此れ亦愚のの至大にして、患(うれ)いの至甚(しじん)なる者なり。
倶(とも)に有術の士を、談説(だんぜい)の名有れども、而(しか)も実は相去ること千万なり。
此れ夫(か)の名は同じくhして実は異なる有る者なり。
夫れ世の愚学の人を、有術の士に比せば、猶(な)お螘垤(ぎてつ)の大陵(たいりょう)に比するがごとし、其の相去ること遠し。
而して、聖人は是非の実に審(つまび)らかに、治乱の情に察(あき)らかなり、故に其の国を治むるや、明法を正し、厳刑を陳(つら)ね、将に以て群生の乱を救い、天下の災いを去らんとす。
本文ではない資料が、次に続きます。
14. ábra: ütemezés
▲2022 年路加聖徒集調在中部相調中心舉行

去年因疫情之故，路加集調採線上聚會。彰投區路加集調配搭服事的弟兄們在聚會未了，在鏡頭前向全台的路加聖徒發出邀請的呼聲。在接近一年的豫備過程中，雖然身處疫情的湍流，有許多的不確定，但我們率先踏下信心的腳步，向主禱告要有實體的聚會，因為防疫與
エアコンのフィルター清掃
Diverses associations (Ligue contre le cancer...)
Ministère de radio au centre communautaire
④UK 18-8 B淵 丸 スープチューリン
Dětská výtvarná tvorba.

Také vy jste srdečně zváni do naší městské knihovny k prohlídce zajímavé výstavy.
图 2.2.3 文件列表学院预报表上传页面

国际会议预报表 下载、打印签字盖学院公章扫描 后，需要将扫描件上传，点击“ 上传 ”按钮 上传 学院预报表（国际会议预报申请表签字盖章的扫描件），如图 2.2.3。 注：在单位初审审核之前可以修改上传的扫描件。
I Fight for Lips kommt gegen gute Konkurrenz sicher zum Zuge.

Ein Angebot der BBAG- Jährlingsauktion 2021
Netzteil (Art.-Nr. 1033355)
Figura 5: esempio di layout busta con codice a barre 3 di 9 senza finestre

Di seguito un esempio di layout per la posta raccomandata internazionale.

強き者弱きを凌がせず、衆(おお)きもの、寡(すく)なきを暴せず、耆老(きろう)遂(と)ぐるを得、幼孤長ずるを得、辺境侵(おか)されず、君臣相親しみ、父子相保(あいやす)んじて、死亡繋慮(けいりょ)の患(うれ)い無からしむ、此れ亦功を至って厚き者なり。
愚人は知らず、顧(かえ)って以て暴と為す。
愚者は固(もと)より治を欲すれども、而(しか)も其の治まる所以の者を悪(にく)み、皆危(あやう)きを悪めども、而も其の危き所以の者を喜ぶ。
何を以て之を知る、夫(そ)れ厳刑重罰は、民の悪む所なり、而も国の治まる所以なり、百姓を哀憐(あいれん)し、刑罰を軽くするは、民の喜ぶ所なり、而も国の危き所以なり。
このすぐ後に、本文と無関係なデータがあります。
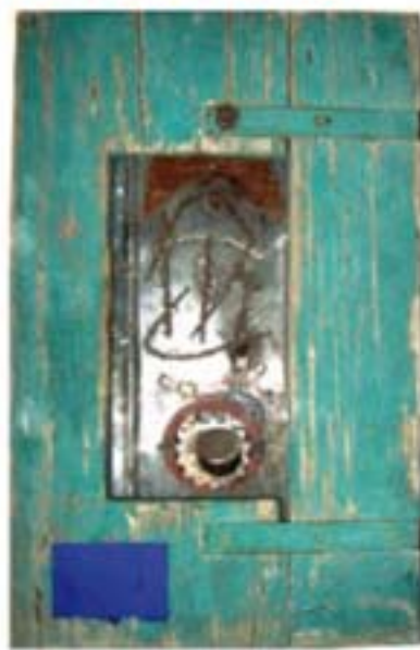
Dziga vertov legno ferro ossidazioni tempere e acrilici info@letiziapini.it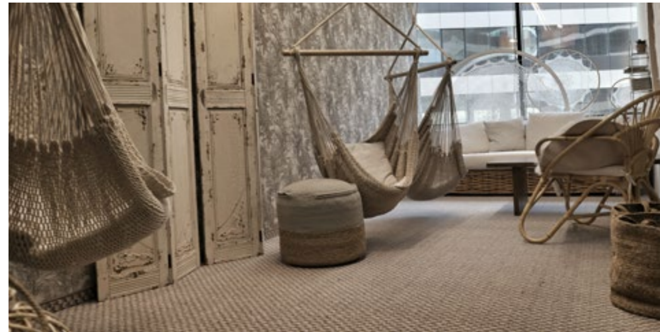
Biuro Brandbq Sp. z o.o. KRAKÓW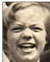
Række II nr. 12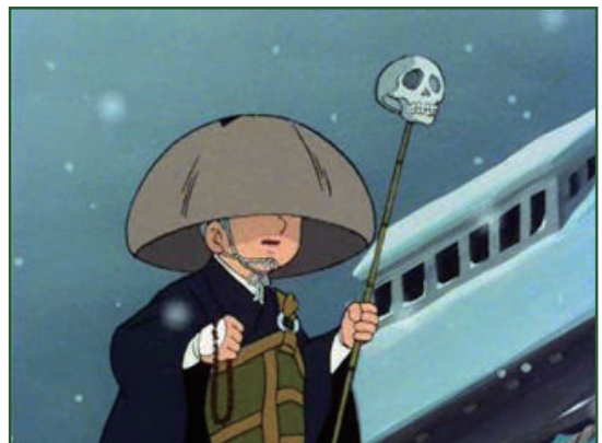
(アニメ一休さんより)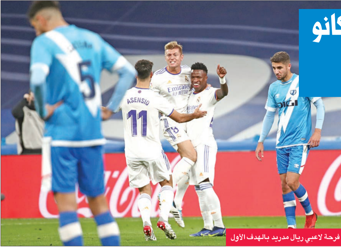
فرحة لاعبي ريال مدريد بالهدف الأول

واصل فيلادلفيا سفنتي سيكسرز انتفاضته، وحقق فوزه السادس تواليا عندما تغلب على مضيفة شيكاغو بولز 114-105 السبت في دوري كرة السلة الأمريكي للمحترفين. وحدد سيكسرز فوزه على بولز بعد ثلاثة أيام من تغلبه عليه 103-98 في فيلادلفيا، ورفع غلته من الانتصارات إلى ثمانية حتى الآن هذا الموسم مقابل خسارتين. وعزز سيكسرز صدارته للمنطقة الشرقية أمام ميامي هيت، الذي استعاد توازنه بفوز صعب على ضيفه يوتا جاز 118-115 مع تائق لافيت لوافه الجديد جمع تورونتو رابرتوز السابق كابل لوري صاحب «تربيل دابل»، بتسجيله 20 نقطة مع 12 متتابعة و10 تمريرات حاسمة.

聖人の法を国に為すは、必ず世に逆らいて、道徳に順(したが)う。
之(これ)を知る者は、義に同じくして俗に異(こと)なり、之を知らざる者は、義に異にして、俗に同じくす。
天下之を知る者少なし、則ち義は非とせらる。
非道の位に処(お)り、衆口(しゅうこう)の謗(そし)りを被り、当世の言に溺れて、而して厳天下に当たり安きを求めんと欲するは、幾(あ)に亦()また)難からずや。
此れ夫の智士の、死に至るまで世に顕れざる所以の者なり。
【解釈】
古いくから秦国の慣わしとして、群臣はみな法規を重んぜず私利を追い求めていたため、国は治ることなく、兵は弱く、君主の権威が軽んじられていた。
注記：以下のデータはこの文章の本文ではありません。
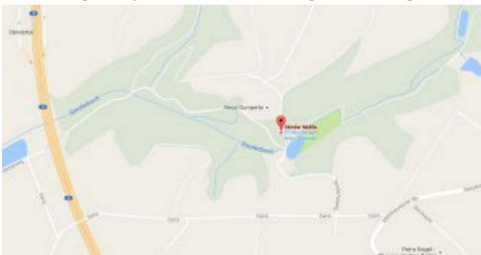
Google-Map: Stinder Mühle

Auch hier bildet ein Ausflugslokal den möglichen Ausgangs- oder Endpunkt für eine Wanderung. Wobei: Die Stinder Mühle ist ein Ausflugsort ganz, ganz alter Schule. Am alten Mühlenweiher stehen gegenüber dem Wirtshaus und auf einer Wiese neben dem Teich traditionelle Sitzgelegenheiten. Drinnen sind zwei Tisch mit Wachstuchdecken geschützt. Zur Küche hin steht eine Theke wie es sie in Eckkneipen schon ganz lange nicht mehr gibt. Und der Kuchen ist lecker, weil selbstgemacht. Das gilt auch für die Hausmannskost, die es in der kühleren Jahreszeit gibt. Der Wanderweg A2 führt zunächst am Bach entlang hoch auf die Hügel des Bergischen Landes. Dann geht es quer durch die Landwirtschaft und anschließend wieder runter – wobei man leider ein ganzes Stück entlang einer Fahrstraße zurücklegen muss, die zu den üblichen Zeiten heftig von Autofahrern auf dem Weg zum Reiten oder dem Rückweg frequentiert wird. Insgesamt legt man so 7,4 Kilometer zurück.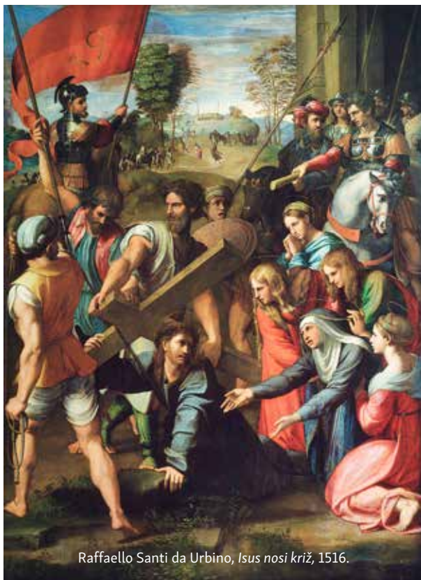
Raffaello Santi da Urbino, Isus nosi križ , 1516.

Pozvani smo živjeti u društvu i to ne možemo izbjeći, ali trebamo kao kršćani prepoznavati i vrednovati pozitivne stvari društva i kulture, a ne nasljedovati kulturu svjetovnosti. Nasljedovati Isusa uz riječi: »hoće li tko za mnom« i »neka ide za mnom« pretpostavlja dva uvjeta: odreći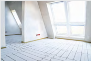
Renoveringer af over- tager i parcelhuse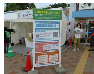
昨年度実施風景(砂川SA会場)

商鞅は秦の孝公に説き、法令を改め古い習慣を捨て、人々に朝廷の掟を明示し、悪巧みを政府に告げるた者を賞し、利を追うばかりの商人を抑え、勤労する農民を保護するように勧めた。
しかし当時は、古くからの慣わしによって、法令を犯しても赦されることが多いことや、特に功労がなかったとしても出世できると考えられていたため、この法を軽々しく犯す者もいた。
そこで朝廷は、法を犯す者への罰を重くし、例外を認めず、犯罪を告げたものには褒美を与えた。
これによりあらゆる犯罪が手に取るように分かるようになり、罰せられる者も山のように現れた。
人々は政治を憎み、彼らの不平不満は絶えず孝公の耳に届いていたが、公は相手にせず、ただ淡々と商鞅の政策を行った。
その結果、人々はやっと罪を犯すと罰せられることを悟り、他人の姦悪を告げる者が増え、犯罪が減っていき、遂には罰せられる相手がいなくなった程になった。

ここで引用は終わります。